И Динка, тоскуя, говорила:
– Мы уже десять дней как приехали, почему же мама не побежала сразу к своему Днепру? Если бы мы вернулись назад, я бы сейчас же помчалась на берег и каталась бы по песку; я бросилась бы в воду, обняла ее обеими руками. И пускай бы я захлебнулась этой водичкой... Бей меня, топи меня, Волга, Волженька, голубушка моя, родненькая...
Динка бросалась ничком на пол, Мышка крепко обнимала ее, и, обнявшись, они вместе плакали...
От сестры Динка шла к Леньке. Леня, на которого в первые дни приезда свалилось много самых разнообразных и неожиданных дел, хмуро смотрел на ее расстроенное лицо:
– Ты что это изревелась вся?
– Да-а... Изревелась, изревелась... А ты не изревелся, ты уже забыл нашу Волгу, ходишь тут как ни в чем не бывало! – с упреком говорила Динка.
– Как это я Волгу могу забыть? – удивлялся мальчик.
Динка умоляюще складывала руки.
– Лень, давай скажем маме, что мы не можем жить без Волги? Мы с Мышкой скажем, и ты... Может быть, мама тебя послушает... Давай, Лень!

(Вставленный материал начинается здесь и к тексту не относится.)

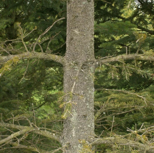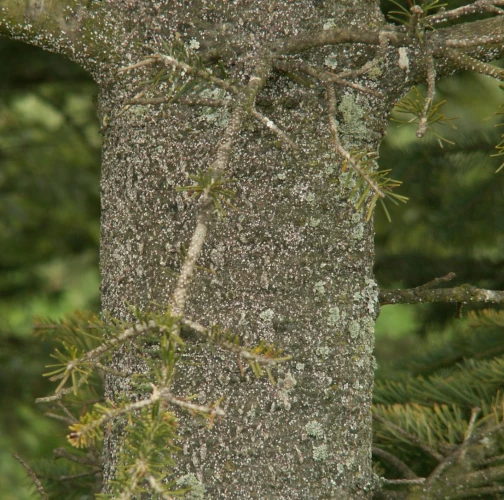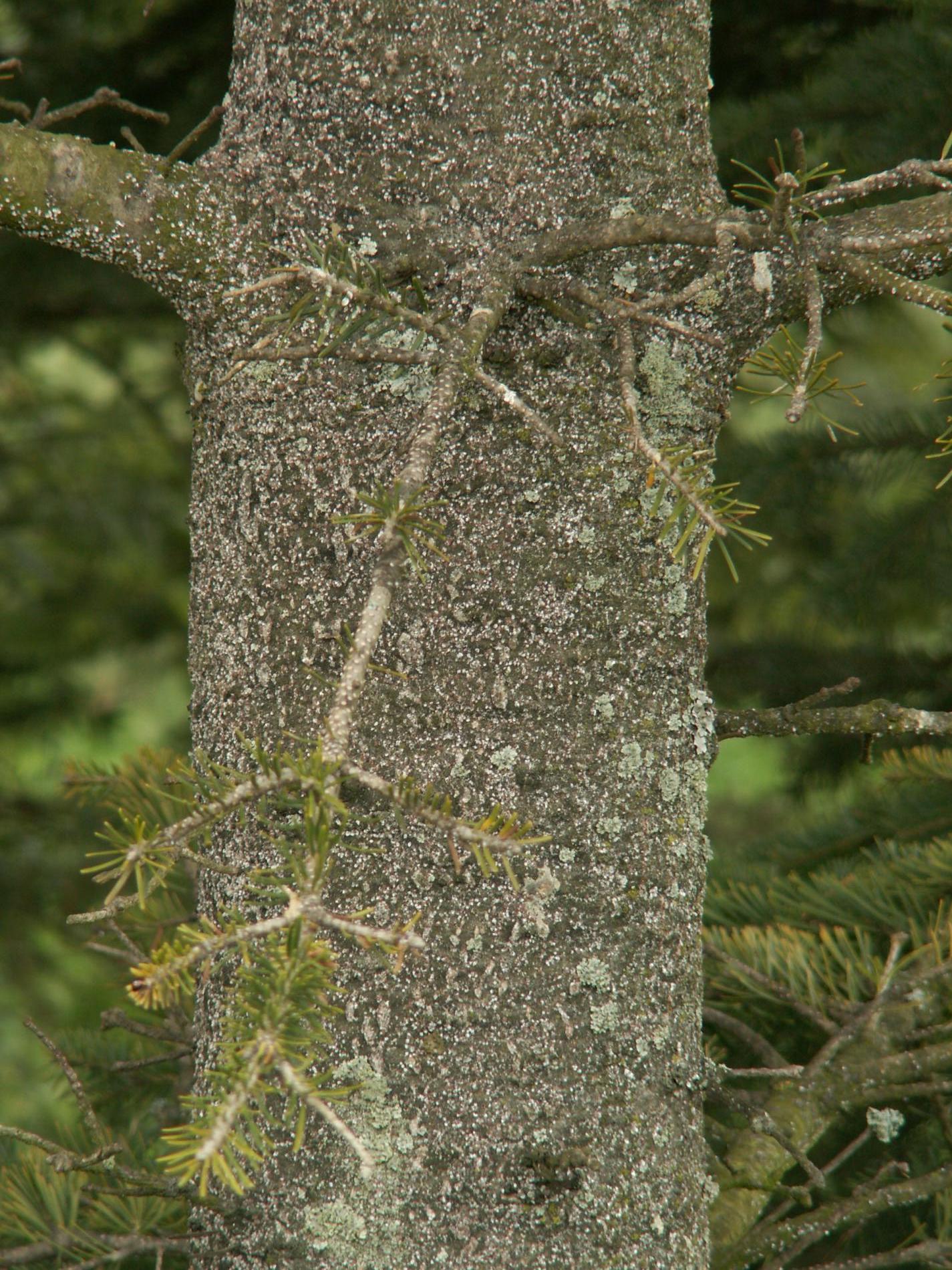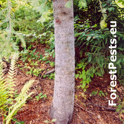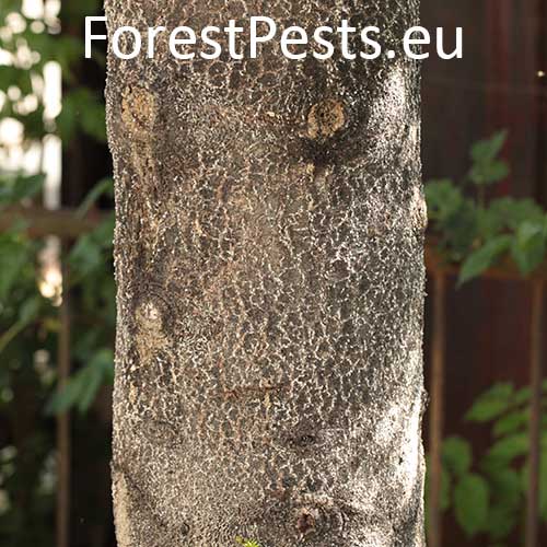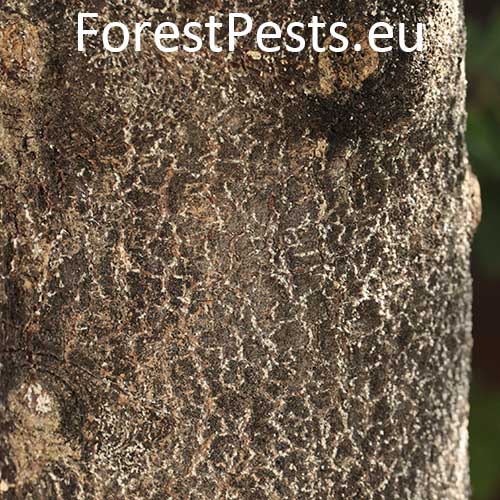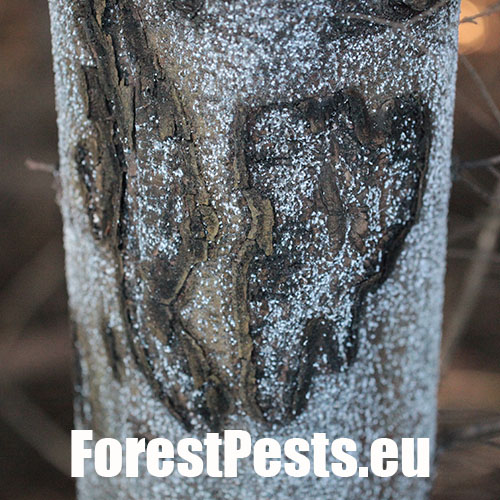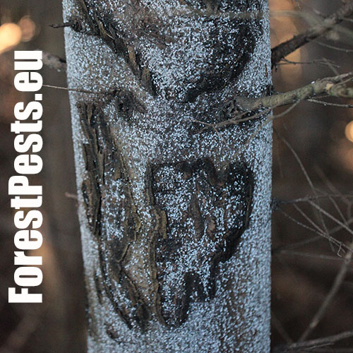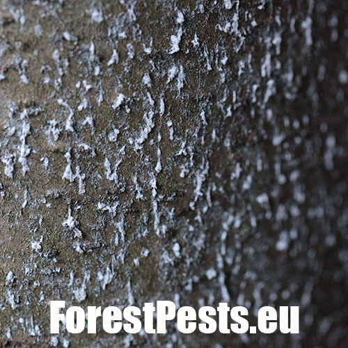 It is very similar to silver fir woolly aphid, however, it only lives on trunks of older fir trees (with a trunk diameter of about 15–18 cm at a height of 130 cm) Thus, the trunk of fir appears white as if it were sprinkled with sugar. Individuals of the progrediens generation only rarely crawl up onto needles. Generally, balsam woolly aphid is less harmful than silver fir woolly aphid. It occurs only locally but in denser and less open stands. Sometimes mass outbreaks can occur.
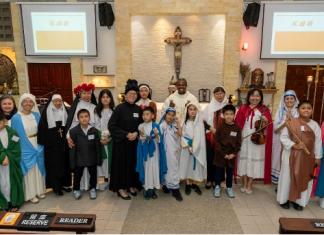 2025年10月31日,在古晋肯雅兰圣三堂的诸圣节华语弥撒中,华文组主日学的师生们再次通过扮演圣人,生动地再现了圣人的榜样与故事。今年总共有24位老师和学生扮演圣人。在弥撒前,老师和学生们都按照圣人队伍游行进入教堂, 此游行由圣比高为首, 接着圣母玛利亚、圣约安纳、圣傅天娜...

– Да ты что, с ума сошла? Мать бьется как рыба об лед, кое-как сюда нас всех перетащила, да тут еще пропасть делов на нее навалилось, а они, смотри-ка, с какими фокусами к ней! Вези их назад! И как только не совестно такое выдумать!
– Ну и пускай мне будет совестно, я все равно буду реветь, реветь и от чахотки умру, вот тогда и оставайся в своем Киеве! – угрожала Динка.
Леньке становилось жаль ее. Он звал Мышку и убеждал обеих девочек отложить свою тоску по Волге до той поры, когда он, Леня, окончит гимназию, найдет какую-никакую прибыльную работенку и, заплатив самолично за билеты, на самом курьерском поезде доставит их в любое место на Волге...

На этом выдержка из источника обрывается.